▸ **Aim of the exercise**
Go to the line that contains "The ion generator" in the listing below, then output it and every line after it exactly, omitting pictures.

▸ **Exercise data**
★ ★ ★

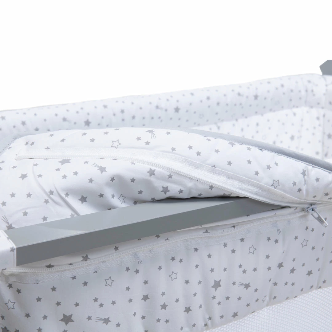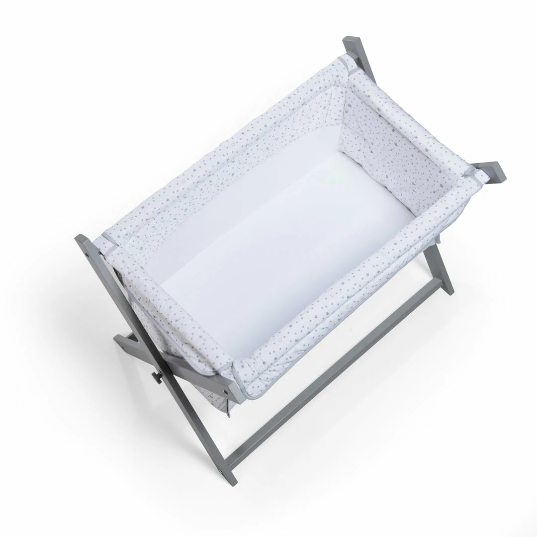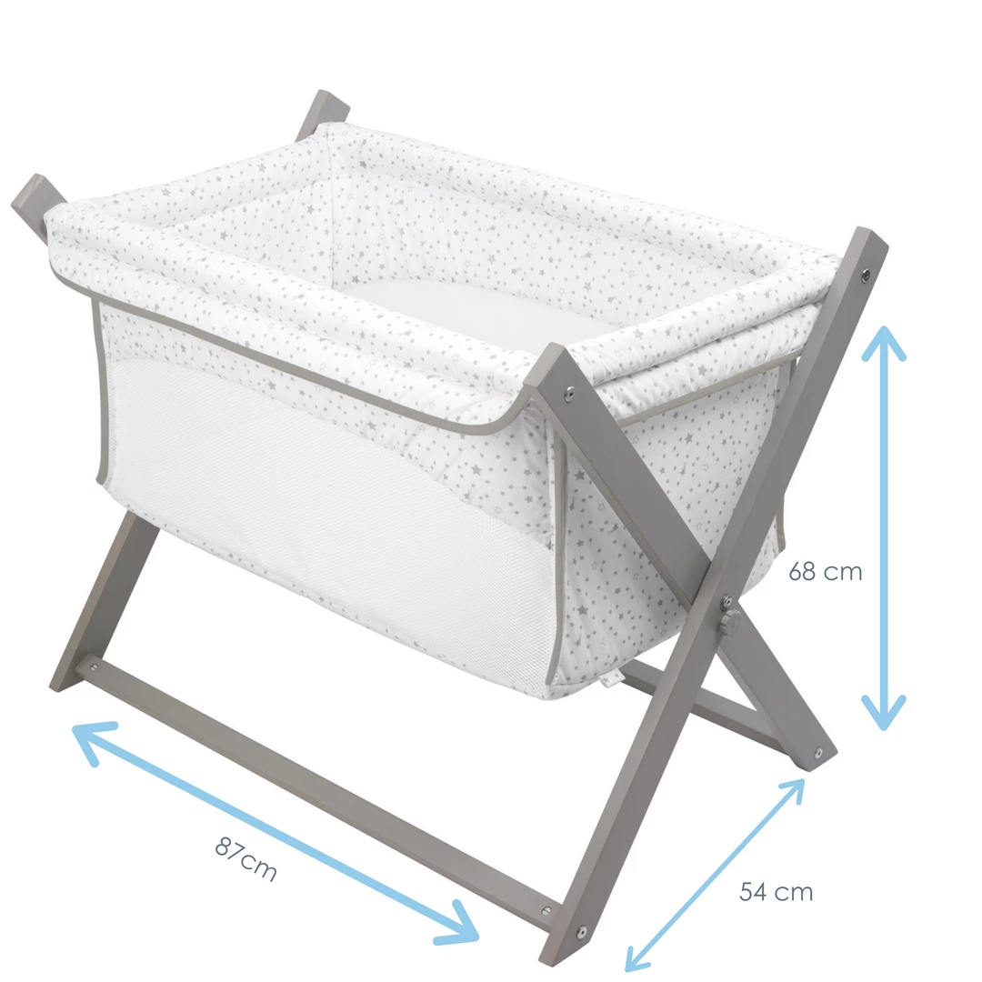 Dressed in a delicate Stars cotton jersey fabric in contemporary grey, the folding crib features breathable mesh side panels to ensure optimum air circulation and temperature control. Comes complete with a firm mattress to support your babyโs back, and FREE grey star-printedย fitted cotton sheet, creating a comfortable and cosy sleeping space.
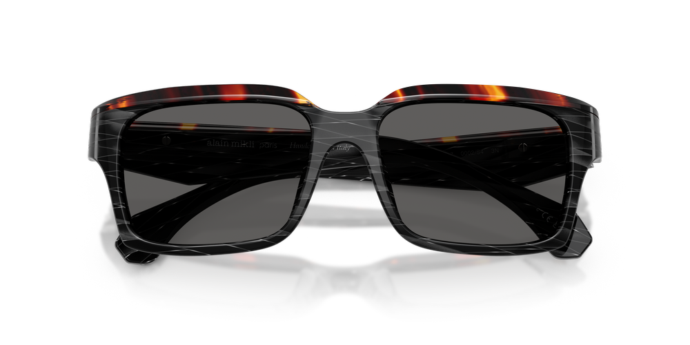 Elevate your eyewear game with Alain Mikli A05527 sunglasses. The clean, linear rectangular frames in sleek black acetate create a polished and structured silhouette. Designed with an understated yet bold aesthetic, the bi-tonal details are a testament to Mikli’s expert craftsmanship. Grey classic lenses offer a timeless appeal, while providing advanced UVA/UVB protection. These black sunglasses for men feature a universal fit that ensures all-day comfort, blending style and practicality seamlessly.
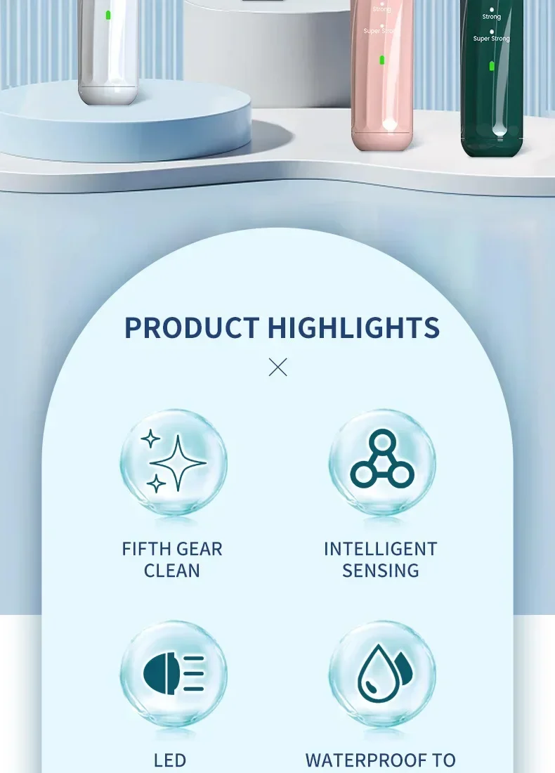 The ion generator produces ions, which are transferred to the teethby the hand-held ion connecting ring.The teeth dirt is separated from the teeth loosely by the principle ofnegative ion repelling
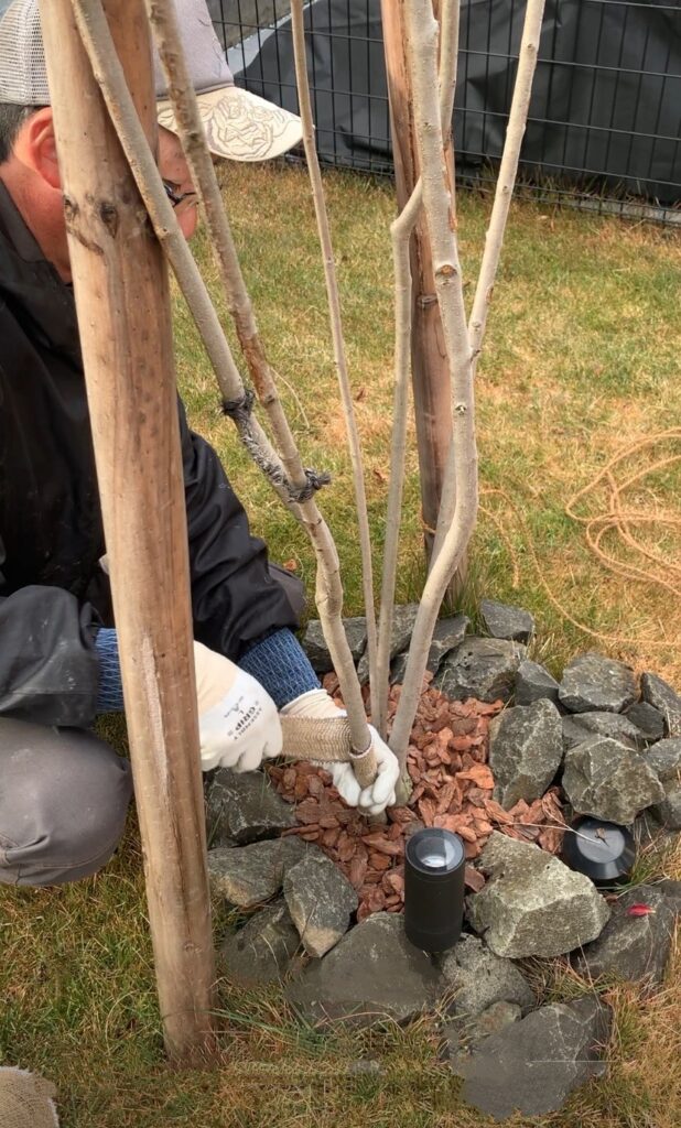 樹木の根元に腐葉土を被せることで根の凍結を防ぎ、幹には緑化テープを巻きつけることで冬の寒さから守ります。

★ ★ ★

▸ **Result**
 The ion generator produces ions, which are transferred to the teethby the hand-held ion connecting ring.The teeth dirt is separated from the teeth loosely by the principle ofnegative ion repelling
 樹木の根元に腐葉土を被せることで根の凍結を防ぎ、幹には緑化テープを巻きつけることで冬の寒さから守ります。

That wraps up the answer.